While nothing in this Agreement will prevent the Recipient from making any disclosure of the Confidential Information required by law or by any such competent authority, especially where the safety of the Recipient; the Agency’s advertised models and/or the Agency itself is considered to be at risk – IN NO EVENT SHALL THE AGENCY BE LIABLE FOR ANY DIRECT, INDIRECT, SPECIAL OR CONSEQUENTIAL DAMAGES ARISING FROM, OR IN CONNECTION WITH THE FAIR USE OF THE CONFIDENTIAL INFORMATION AS DESCRIBED HEREIN.

In accordance with the terms described in the Agency’s website’s disclaimer, the Recipient AND the Discloser agree to have their conversations recorded for the purpose of review by the Agency, to ensure best practices are observed. Hereunto, the Recipient and/or the Agency will:
VI.a. Delete these provisional copies and records of communication (which may be construed and treated as Confidential Information) between the Recipient and Discloser, without further action or request required from the Discloser, once the aforementioned review process is complete; unless prohibited by operation of law.
VI.b. Retain certain information – such as a contact details, and associated given name – which may be used by the Agency and Recipient to identify the Discloser as a valid (and returning) client, and thus ensure the Agency’s ambitions to provide the most efficient and secure service.
VI.c. Delete ALL Confidential Information which may exist in any form, if such is requested by the Discloser, at any point.
VI.c.i) The Recipient will comply with the Discloser’s request for deletion at the earliest opportunity, unless the Discloser has meetings pending or in session; or if deletion would hamper legal investigation, or otherwise pervert the course of justice.
VI.c.ii) Where the Discloser explicitly requests the deletion of ALL information, including name(s) and contact information, neither the Recipient, nor the Agency will be at fault, nor liable for any possible difficulties or impediments the same Discloser may encounter with regards to commissioning the Agency’s services again beyond this point.
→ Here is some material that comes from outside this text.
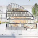Paris’ new Palais de Justice, also designed by Renzo Piano, responds to a very complex program – ninety new courtrooms built vertically – while confronting sustainability and the creation of new green spaces on roofs.
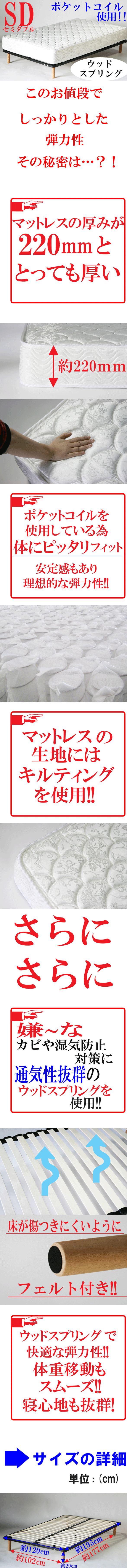 | 商品名 | ■送料無料■新品■脚付きマットレス■ウッドスプリングベッド■快適マットレス/適度な弾力性■◆ポケットコイル◆セミダブルベッドマットレス□◆セミダブル マットレス セミダブルマット セミダブルベッド すのこベッド BK |

The undertakings in Clause (II) will continue in force indefinitely from the date of this Agreement.

VIII.a. This Agreement is governed by, and is to be construed in accordance with, English law. The English Courts will have non-exclusive jurisdiction to deal with any dispute which has arisen or may arise out of, or in connection with, this Agreement.
VIII.b. If any provision of this Agreement is deemed invalid, unlawful or unenforceable, the remaining portions of the Agreement will persist in full force, as construed, to most adequately effectuate the original intent of this Agreement.